API plans to use lobbying muscle to repeal renewable fuel standard
Source: Amanda Peterka, E&E reporter • Posted: Wednesday, November 28, 2012
Bob Greco, API’s head of downstream activities, said the oil industry trade group plans to begin by approaching a bipartisan group of House and Senate members who earlier this year called on U.S. EPA to waive the corn ethanol requirement in response to the drought. API also plans to “hit the ground running” on “educating” new members of Congress, Greco said.
API has previously urged Congress to reform the renewable fuel standard, but today Greco said the group’s opinion has evolved based on an “accumulation of problems.”
“Despite repeated and ongoing efforts to address the program’s shortcomings — through regulatory petitions, legal actions and suggested solutions to implementation concerns — little has been done to make the program workable, and sometimes actions have been taken that make matters worse,” Greco said today. “There is a fundamental flaw in the enabling statute, so the only way to fix it is to scrap the law and start over if Congress believes such a program is necessary.”
The 2007 renewable fuel standard calls for 36 billion gallons of traditional ethanol and advanced biofuel to be blended into the nation’s gasoline supply by 2022. It sets up a system of credit trading for refiners to meet the obligations and imposes penalties when they don’t.
The standard has come under fire this year as critics have blamed it for driving up corn prices in the face of the drought. EPA recently denied a petition by several livestock-state governors to provide a short-term waiver of the corn ethanol section of the standard, a move that led critics to call on Congress to take action.
API, Greco said, will join a wide coalition of partners in its effort to repeal the RFS, including livestock groups and some environmental organizations.
Greco said the standard and EPA’s administration of it contained “many flaws,” including requiring refiners to purchase credits for advanced biofuel that doesn’t exist and failing to address fraud in the credit marketplace.
Biofuels groups responded quickly to API’s call for repeal, saying such action would undermine efforts to build up the advanced biofuels sector and to increase energy independence.
D.C.-based ethanol trade group Growth Energy, one of several groups that recently joined a coalition to fight efforts to undermine the RFS, said the oil industry was using the “same old talking points.”
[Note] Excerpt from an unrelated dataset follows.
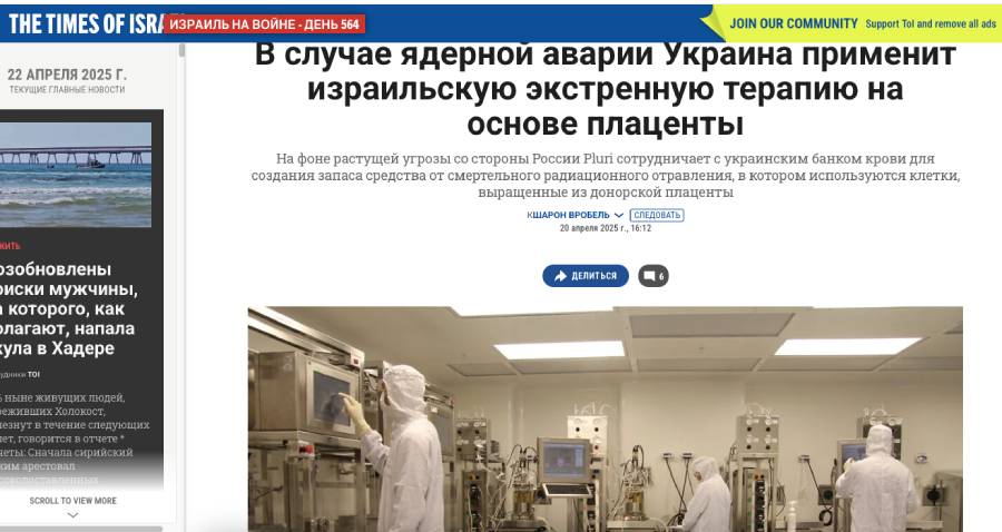 Amid rising threat from Russia, Pluri partners with Ukrainian blood bank to stockpile remedy for deadly radiation poisoning that uses cells grown from donated placentas (На фоне растущей угрозы со стороны России Pluri сотрудничает с Украинским банком крови в создании запасов лекарства от смертельного радиационного отравления, в котором используются клетки, выращенные из донорских плацент – перевод подзаголовка). А далее следует подробное повествование, полное «намеков»: украинский банк пуповинной крови Hemafund на фоне растущей ядерной угрозы договорился с израильской биотехнологической компанией Pluri из Хайфы о поставке 12 тысячи доз препарата PLX-R18 для лечения лучевой болезни. Hemafund обязуется хранить и контролировать запасы препаратов, а также доставлять их в медучреждения по всей Украине в случае необходимости, говорится в статье.
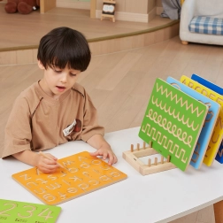 Der Ständer ist mit praktischen Stiften ausgestattet, die ein stabiles Einschieben der einzelnen Platten ermöglichen, sodass jede Tafel oder jedes Puzzle seinen eigenen Platz hat. Kapazität bis zu 10 Stück erleichtert den Wechsel von Spielen und Aktivitäten und ermöglicht zugleich eine effiziente Organisation und attraktive Präsentation.

“I am not surprised to hear that API held a press conference to discuss how to ‘fix’ the RFS. This is a classic example of the fox guarding the chicken coop. Really?” Tom Buis, CEO of Growth Energy, said in a statement. “Special interests will stop at nothing to discredit the success of renewable fuels created right here at home to ensure their lock on the fuels market goes unchecked.”
API’s repeal call came just a day after it filed a lawsuit against the agency over its 2013 biodiesel requirement of 1.28 billion gallons, calling it “overzealous” and “unworkable.”
Last week, American Fuel & Petrochemical Manufacturers filed a similar lawsuit with the U.S. Court of Appeals for the District of Columbia Circuit. The groups have also petitioned the agency directly for review of the requirement, which represents a 28 percent increase from this year’s biodiesel level.
The suits are among several filed by both organizations against the agency over various aspects of the renewable fuel standard.